In words which, though spoken so long ago, are still the living utterances of the Spirit to every seeking soul, He was now speaking to Edith, and she listened with the wonder and hope that might have stirred the heart of some sorrowing maiden like herself, when His voice was accompanied by the musical chime of waves breaking on the shores of Galilee, or the rustle of winds through the gray olive leaves.

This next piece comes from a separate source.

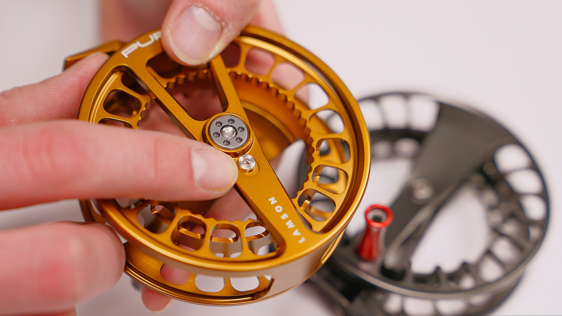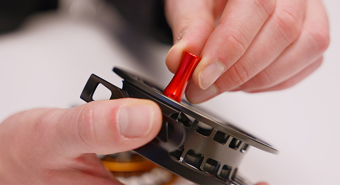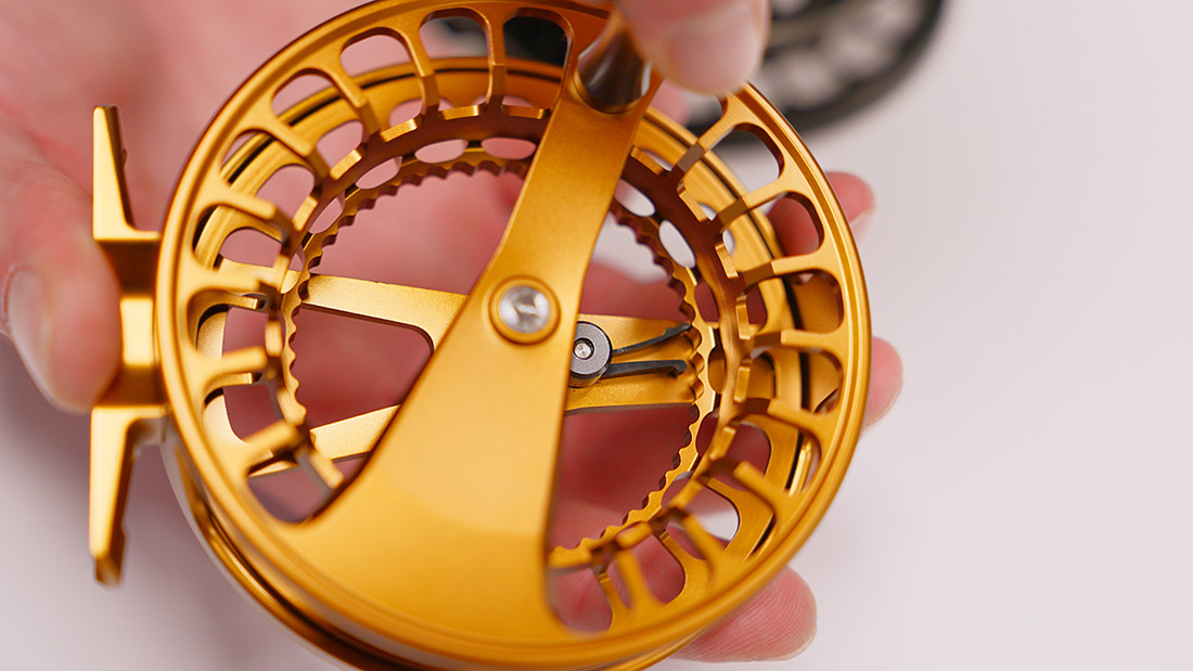 Anstelle eines komplexen Scheibenbremssystems setzt Lamson hier bewusst auf das traditionelle Click & Pawl-System. Es bietet ein direktes Feedback beim Drill und verleiht jedem Fischkontakt eine besondere Note. Die Lautstärke und Stärke des Klicks sind optimal abgestimmt – nicht zu aufdringlich, aber deutlich spürbar. Ein moderner Twist: mit Hilfe eines kleinen, mitgelieferten Imbus-Schlüssels kann der Clicker entlang eines Langslochs justiert werden. Der Bremswiderstand (ebenso der Clicker-Sound) kann somit etwas an das individuelle Bedürfnis angepasst werden.

Edith came to the source of all truth with a mind as fresh and unprejudiced as that of one who saw and heard Jesus for the first time, as, in his mission journeys, he entered some little town of the Holy Land. She had never thought much about Him, and had no strong preconceived opinions. She was almost utterly ignorant of the creeds and symbols of men, and Christ was not to her, as He is to so many, the embodiment of a system and the incarnation of a doctrine--a vague, half-realized truth. When she thought of Him at all, it had been as a great, good man, the most famous religious teacher in the past, whose life had nobly "adorned a tale and pointed a moral." But this would not answer anymore. "What could a man, dead and buried centuries ago, do for me now?" she asked, bitterly.
"I want one who can with right speak these words--
"'Come unto me all ye that labor and are heavy laden, and I will give you rest.'"
And as, with finger still clinging to this passage, she read of miracle and parable, now trembling almost under the "Sermon on the Mount," now tearful under the tender story of the prodigal, the feeling came in upon her soul like the rising tide, "This was not mere man."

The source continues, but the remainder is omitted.